Dad groaned and put a hand over his face. “My baby girl …”
“Don’t worry,” Mom said, rubbing his back. “La Peligrosa es fuerte.” Danger Girl is strong.
I handed my dad a knife, handle first. “Here, break this against my hand. It’ll make you feel better.”
He smiled at me through his fingers. “Someday you may grow up and have kids of your own and understand why breaking a knife against your hand will not make me feel better.”
Mom soothed the back of my neck. “Go save the world, la Peligrosa.”
There was little chance of that. I felt so pathetic when I thought of Luther’s superhero plans. The brute token was wasted on me.
We had just enough cash to buy Mom and Dad prepaid cell phones. They wouldn’t be able to call my Fido phone, but at least I could reach them, and I promised to call twice a day—morning and night.
I hugged them good-bye. I could feel everything about this embrace, so aware of their bones, their skin, their hair, the thump of their hearts and inhale of their lungs. They were fragile.
But we couldn’t hide forever. And I couldn’t ignore the tugging that insisted Mi-sun was partly my responsibility. And Jacques too. And Wilder out there, reeling me in.
Chapter 26
I walked to a marina, the sunset at my back pushing my shadow forward, a spindly monster always just ahead.
I’d prepared shoes and a change of clothes in three layers of plastic bags. Adding Fido, I tied the baggage to my chest and dived in. I seized the underside of a cruising boat, hitching a ride away from the oily marina waters and into the Gulf Stream. The current was swifter there, and I swam on alone, exhilarated by the added speed.
After buying the cell phones, my parents had no cash to send with me, but I wouldn’t have taken from their meager funds anyhow. I had a plan to appease my elephant’s appetite: sushi.
I dived under, clocked a large fish over its head, and floated on my back while eating the soft white meat. Better than chicken bones.
All night I swam on my back, kicking and staring at a flawless starry sky. I felt between. My parents behind, Wilder ahead. I wondered, in a poem kind of way, if I existed at all.
Day two I was swimming deep, feeling weightless and strange, when I was knocked hard in the side. Silver against black water, a
dorsal fin sharp as a blade, it circled and came back. Adrenaline flared in my heart. Shark! Big, toothy, scary shark!
Then I remembered who I was. And I ate it.
I coursed through days three and four. The movement of my muscles felt like humming, the kick of my legs a song. I dived under whenever I saw a boat and also just for the joy of it, zooming deep, spiraling, arching, leaving a wake of bubbles to boil away. I was no longer a static thing.
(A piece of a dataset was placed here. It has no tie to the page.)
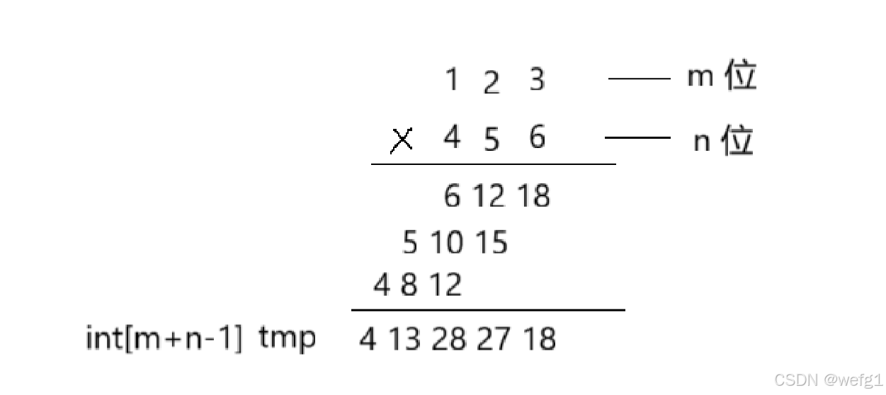 2、把一个数的某位数与另一个数的每一位数相乘,结果 += 到一个 tmp 数组,位置的下标是相乘的两个数的下标之和。

Sometimes I went on land to call my parents and drink fresh water, napping under the sun. On the fifth day I dragged myself ashore for good. My clothes were destroyed by salt and the speed of my swim. Hiding in tall marsh grasses, I tore off the rags and put on fresh clothes from my waterproof packet.
I phoned Wilder. The swim had been like grabbing a nap in the midst of a chaotic day. Now my heart returned to playing washboard on my ribs.
He answered. “That felt like five very long days.”
“Sped right by for me.”
“Humph. Where are you?”
I checked Fido’s GPS. “Near Atlantic City.”
“Great. I’ll be there in an hour.”
“An hour? Wait, where are you?”
“Philadelphia, baby. You’re right on my doorstep.”
I shivered, unsure if it was coincidence or if our tokens could have called to each other across hundreds of miles.
It was January in New Jersey and every cell of my skin seemed to harden against the cold. I ran out of the marsh grasses onto a road and found a gas station, washing my hair in the sink with the goopy pink hand soap.
It took me the rest of the hour to jog to the crossroads he’d named. Following the pull on my chest, I found him in a beat-up gray car with the engine running. I slid into the passenger seat and, without glancing at me, he pulled out.
I felt so right just being near him. My heart seemed to hum happily—or was it my nanites? I leaned back against the seat and sighed without meaning to.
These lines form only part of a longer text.